"All’epoca sicuramente non ci sono state indagini, negli anni ’80 si figuri se la Polizia o la Procura di preoccupavano di queste cose. Mio padre è scomparso sotto gli occhi tutti e non c’è stato nulla". A parlare, nel corso del maxi processo Rinascita Scott, è il pentito vibonese Bartolomeo Arena, nei scorsi giorni interrogato dagli avvocati degli imputati. E proprio rispondendo alla domanda di uno dei legali, l'avvocato Diego Brancia, in merito ad alcuni omicidi e scomparse risalenti nel tempo, ha affermato: "All’epoca era tutto diverso avvocato". Suscitando la reazione del legale che gli ha chiesto di "evitare considerazioni sulla qualità investigativa" delle forze dell'ordine.

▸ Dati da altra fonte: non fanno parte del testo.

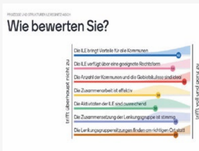
Ergebnisse der Mentimeter-Umfrage
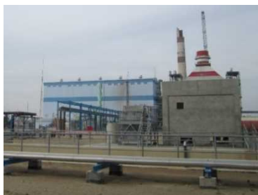
アゼルバイジャン 「シマルガス・火力複合発電所 第 2 号機建設計画」建設現場

各国の個別の支援だけでなく、コーカサス諸国全体に共通する課題に対して 3 か国が一体となり取り組める支援体制の見直しが望まれる。
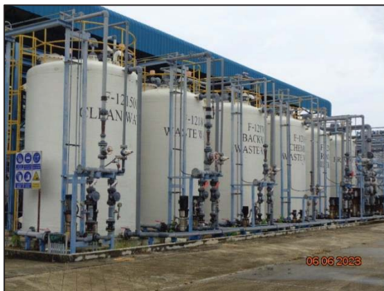
รูปที่ 3.10 หน่วยรีเวอร์สออสโมซิส
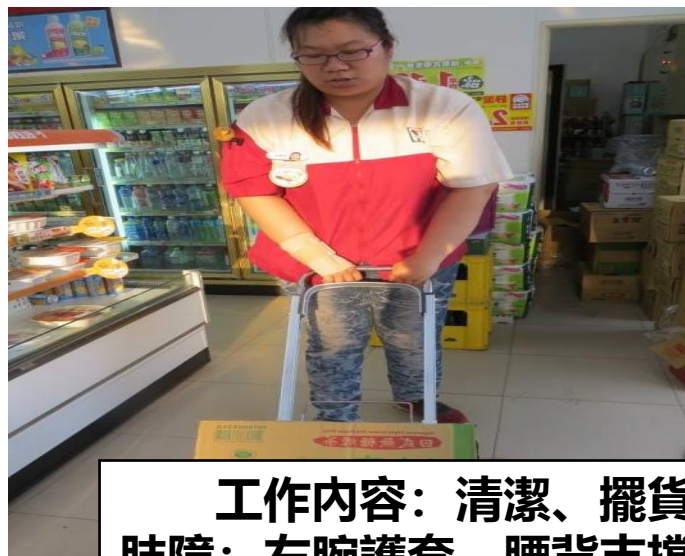
工作内容：清潔、擺貨 肢障：左腕護套、腰背支撐帶、二輪伸縮鉛車
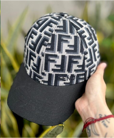
Gorra Fendi Negra detalles
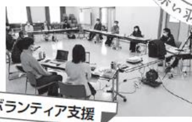
災害ボランティア支援
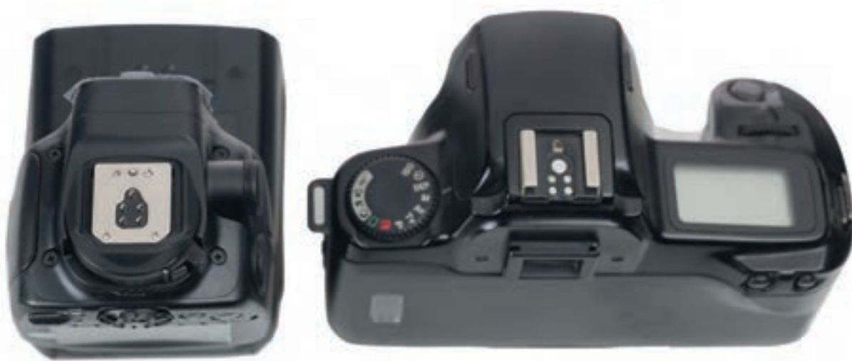
تصویر ۹۰ ▲

فلاش‌های اکسترنال، توسط نقاط فلزی خاص که کانکتور نام دارند به دوربین عکاسی متصل می‌شوند و وظیفه آنها برقراری ارتباط دوربین با فلاش و انتقال اطلاعات می‌باشد. این نقاط اتصال که یکی از آنها وظیفه دستور تخلیه فلاش را دارد، باقی آنها در دوربین‌های مختلف از آرایش خاصی برخوردار هستند (تصاویر ۹۰ و ۹۱). همین امر سبب می‌شود که برای هر دوربینی در برندها و مارک‌های مختلف، فلاش‌های اکسترنال مخصوص نیز تولید شود.
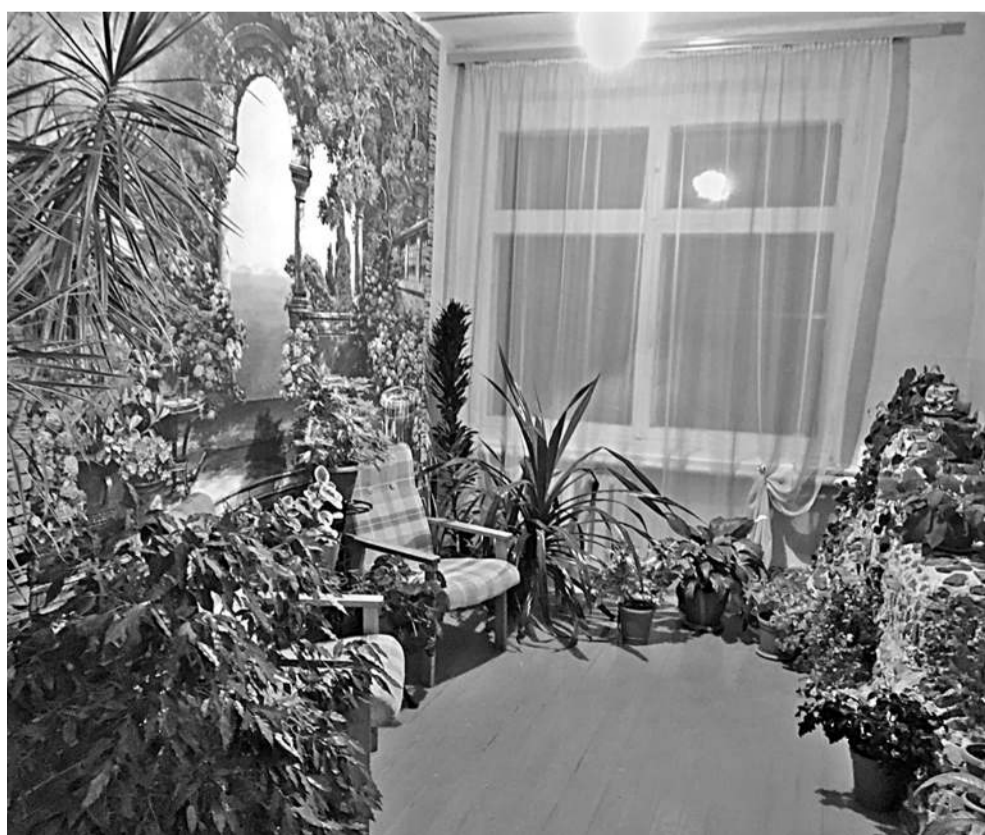
Зимний сад в Васильдольской школе
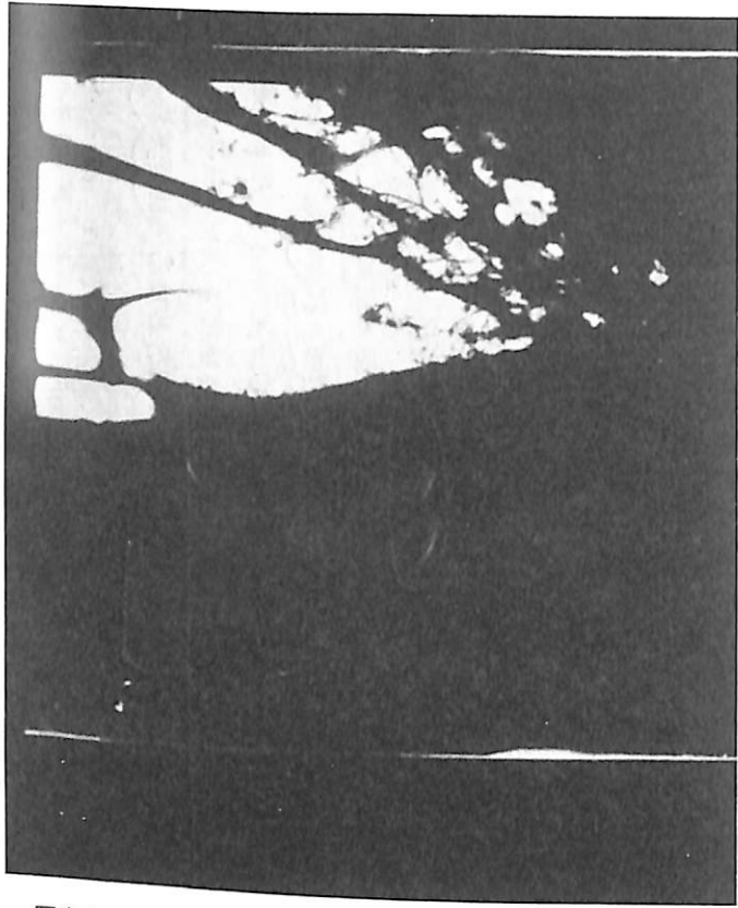
写真6・4 同, 4枚目の写真

Nel corso del controesame, avvenuto nei giorni scorsi, il collaboratore di giustizia ha anche ripercorso alcuni fatti che erano stati oggetto di esame da parte della Dda di Catanzaro. Come nel caso in cui avrebbe evitato di essere colpito "da Rosario Pugliese"  con una pistola perchè "la fortuna è stata che è passata una signora che faceva gli acquisti al Despar" (ne abbiamo parlato QUI). "Il bello è che tutto questo fatto - ha aggiunto durante il controesame - è successo sotto una telecamera, solo che a Vibo le telecamere non funzionano mai...".


Ha inoltre parlato nuovamente dell'intimidazione avvenuta all'impresa Patania Costruzioni a marzo del 2017, quando un delfino morto è stato messo nei pressi dell'azienda vibonese. Secondo il pentito gli autori del gesto sarebbero stati Domenico Tomaino e "mio cugino di primo grado" Michele Pugliese Carchedi (non imputato nel procedimento). Come l'ha saputo? "Me l’ha riferito Tomaino stesso. L’hanno messo loro: l’hanno prelevato a Trainiti e l’hanno messo presso le serrande dell'impresa". A Trainiti, secondo quanto riferito dal collaboratore, l'animale morto sarebbe stato trovato "da Salvatore Morelli mentre passeggiava con Gregorio Niglia". Nel corso dell'esame aveva inoltre precisato che "Patania non pagò l’estorsione”. (a.s.)